▶ _TASK INPUT_
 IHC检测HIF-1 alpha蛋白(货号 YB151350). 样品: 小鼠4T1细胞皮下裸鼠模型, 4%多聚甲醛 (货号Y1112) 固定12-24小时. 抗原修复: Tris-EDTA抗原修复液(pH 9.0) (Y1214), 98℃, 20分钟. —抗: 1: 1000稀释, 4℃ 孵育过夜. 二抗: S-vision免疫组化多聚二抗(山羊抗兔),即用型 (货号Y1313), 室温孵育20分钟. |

* * *

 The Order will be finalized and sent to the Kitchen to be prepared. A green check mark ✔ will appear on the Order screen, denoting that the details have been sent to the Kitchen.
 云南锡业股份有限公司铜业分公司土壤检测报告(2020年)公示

▶ _WORK REQUIRED_
Take the line above containing "The Order will be finalized", the line containing "云南锡业股份有限公司铜业分公司土壤检测报告(2020年)公示", and all lines in between, and copy them exactly without anything else.

▶ _SOLVED PROBLEM_
 The Order will be finalized and sent to the Kitchen to be prepared. A green check mark ✔ will appear on the Order screen, denoting that the details have been sent to the Kitchen.
 云南锡业股份有限公司铜业分公司土壤检测报告(2020年)公示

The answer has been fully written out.